Figura 1 . Tilapia disección muestra colección. A. tilapia híbrida roja TiLV infectada con piel leisons, enrojecimiento alrededor de la boca y opérculo, erosión de la piel y opacidad de la córnea. B. Sectioned híbrida roja tilapia para permitir la colección de tejido del hígado (en el punto de flecha azul), bazo u órganos riñón cabeza. Haga clic aquí para ver una versión más grande de esta figura.
Después, se siguió el protocolo detallado en la sección 2 para la extracción de ARN total Guanidium tiocianato-fenol-cloroformo y cuantificación de RNA como se indica en la sección 3 se realizó para evaluar la pureza de la muestra mediante el cálculo de los ratios de pureza y examen de los perfiles espectrales (figura 2). Figura 2A muestra un resultado representativo de un procedimiento de extracción total acertado RNA, mientras que la figura 2B representa una mala preparación de RNA. Los ácidos nucleicos tienen máximos de absorbancia a 260 mientras que las proteínas tienen ellos a 280 nm. El cociente de las mediciones a 260 nm y 280 nm indican la pureza de cada muestra y ratios de 1.9 a 2.1 indican RNA puro como es el caso de la muestra en la figura 2A. Menores relaciones de A260/280 observados en la figura 2B indican posible contaminación de proteínas o fenol restante del procedimiento de extracción de RNA. Absorbancia a 230 nm puede ser el resultado de la contaminación de la muestra y la proporción de A260/230 nm se calcula también por este motivo. Esta relación debe ser en el rango de 2.0-2.2 para preparaciones de RNA puras tal como se ilustra por un valor de 2,03 para la muestra en la figura 2A, mientras que figura 2B tiene una baja relación A260/230 de 1.07 y el perfil espectral muestra un cambio en el canal a 230 nm a 240 nm que es indicativo de guanidina residual o de fenol en la muestra. Para la muestra que se muestra en la figura 2B, vuelva a precipitar el ARN para eliminar la contaminación puede mejorar la pureza de la muestra.
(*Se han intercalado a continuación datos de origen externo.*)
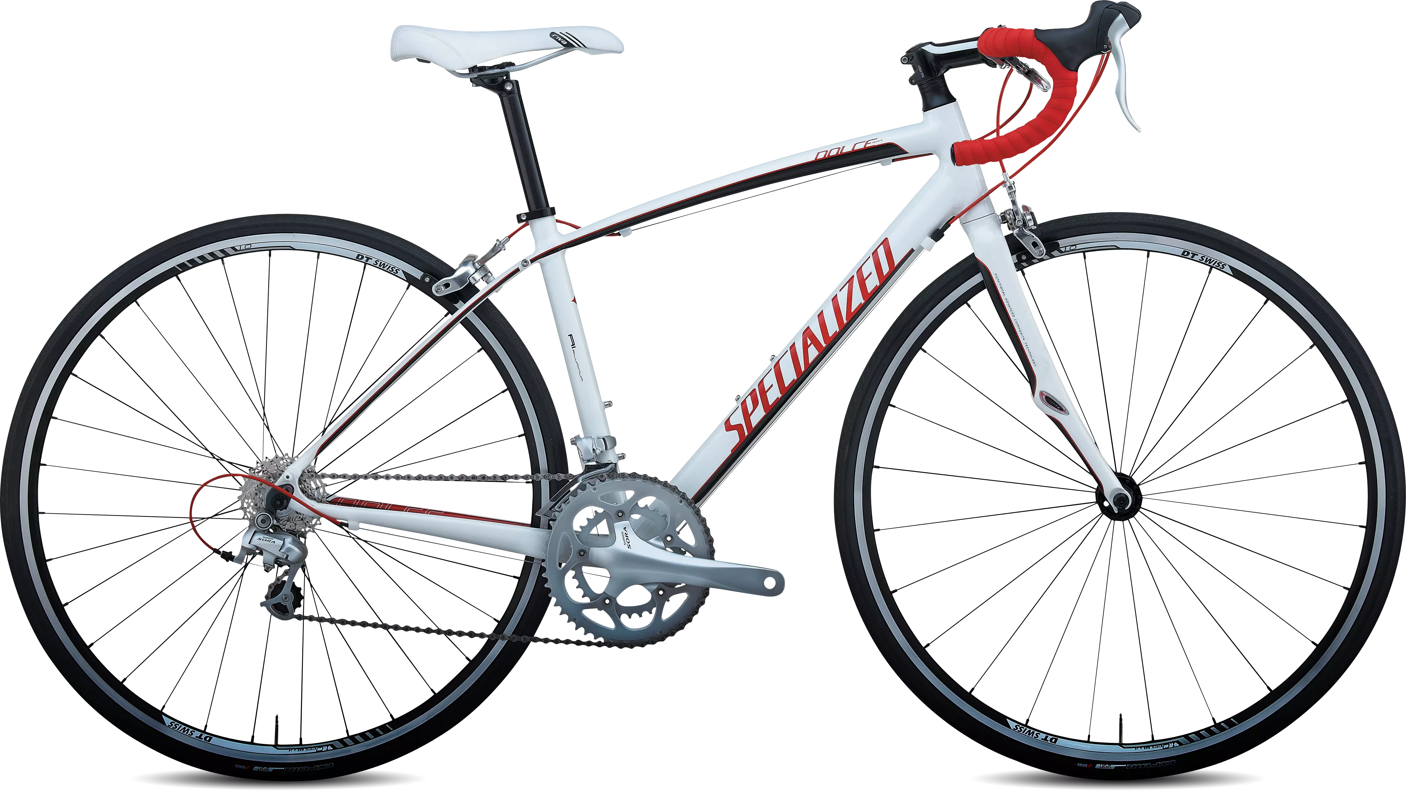 Every key component of the Dolce was specifically selected for the female rider looking to tackle everything from the weekend workout to the upcoming century ride. The Dolce Sport Compact has an A1 alloy frame with women's endurance geometry and Zertz inserts for a responsive, yet forgiving ride. The Shimano Sora drivetrain provides reliable and quiet shifting.

Figura 2 . Cuantificación espectrofotométrica de ARN total extraído de los tejidos enfermos de la tilapia. A. proporciones de pureza y perfiles espectrales de una exitosa preparación de RNA. B. como A, excepto el representante de un mal procedimiento de extracción de RNA. Haga clic aquí para ver una versión más grande de esta figura.
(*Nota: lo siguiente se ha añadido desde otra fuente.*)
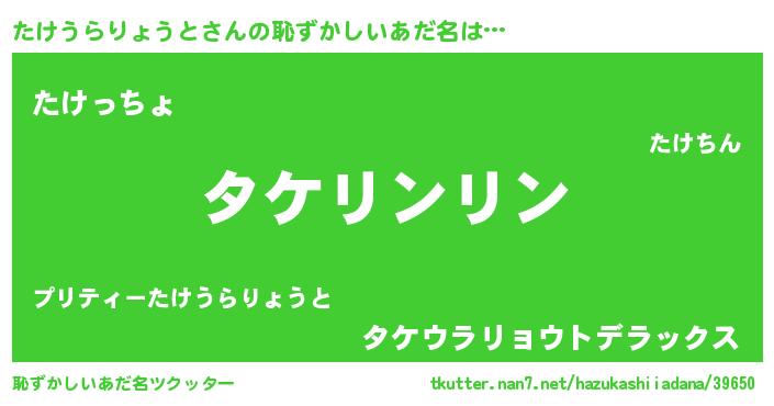 | ポケモン風あだ名 | 『ヒタケウラリョウト』『タケウダネ』 |
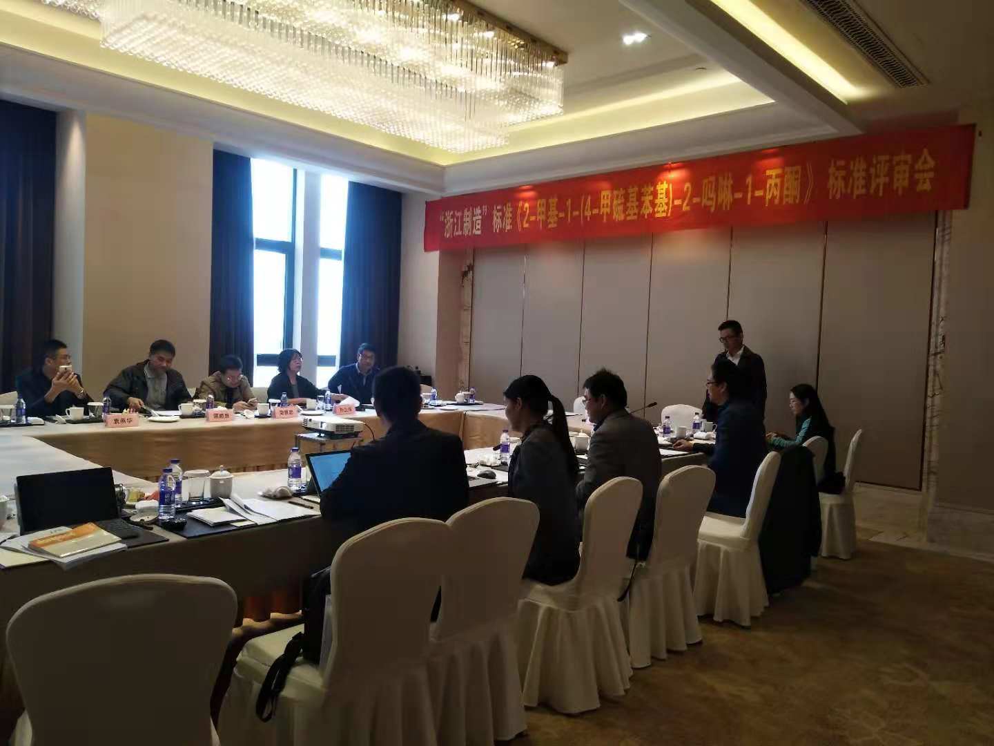 10月31日上午,由浙江省品牌建設聯合會組織、紹興質檢院牽頭、浙江揚帆新材料股份有限公司為主起草的《2-甲基-1-(4-甲硫基苯基)-2-嗎啉基-1-丙酮》“浙江制造”團體標準評審會在上虞開元大酒店三樓暢言廳順利召開。上虞質監局杜錫勇院長、王建剛所長,專家組成員孫衛萍主任、 周慧忠院長、揚帆新材上虞基地總經理張永彬等參加了此次評審會議。

Para detectar TiLV por RT-PCR, puras muestras como el representado en la figura 2A se reversa transcrito (Protocolo 4) en cDNA y utilizan como una plantilla para la polimerización en cadena del análisis detallado en sección 5 y resultados representativos se muestran en la Figura 3A. Cartillas se muestra en negrita en la tabla 1 se utiliza para amplificar un fragmento de bp 491 TiLV segmento genomic 314. Los productos PCR fueron separados por electroforesis en gel y manchados con EtBr para visualización. Figura 3A muestra los resultados de una RT-PCR de dos pasos con 4 muestras de cDNA (S1-S4), derivadas del hígado de la tilapia enferma aislada en Tailandia y en cada muestra, una sola limpia banda de aproximadamente 500 bp puede ser observado y por lo tanto, las muestras 1-4 son TiLV positiva. El mismo producto PCR se obtuvo de la muestra control positivo, formado por TiLV segmento 3 del cDNA clonado en un plásmido de32 , mientras que el no control de la plantilla (NTC) no dió los productos PCR. El ensayo en la figura 3B se realizó usando los mismos cebadores como en la Figura 3A , pero en un laboratorio diferente, utilizando un método de RT-PCR de un solo paso y con 5 muestras de RNA procedentes de los tejidos del riñón principal de tilapia originaria de acuicultura egipcia 15. se determinó usando este análisis de detección que las muestras 1, 3 y 5 son TiLV positivo mientras que las muestras 2 y 4 son TiLV negativo ya que ningún producto PCR se encontró en el tamaño correcto. Los controles negativos, incluyendo dos menos controles de transcriptasa inversa y dos NTCs no generaron los productos PCR. También se realizó un ensayo de RT-PCR de un paso dirigido a gene de ActinB de tilapia. El tamaño del amplicón de 217 bp se generó en todas las muestras (S1-S5) como esperado38. Este ensayo sirve como un control de la integridad de las muestras de RNA así como permitiendo un examen semi-cuantitativo de las muestras positivas TiLV. Dado que el producto generado de ActB de Tilapia es relativamente igual, las diferencias en la cantidad de TiLV específica producto PCR generado pueden interpretarse como un fiel reflejo de la cantidad de TiLV en una muestra de tejido dado.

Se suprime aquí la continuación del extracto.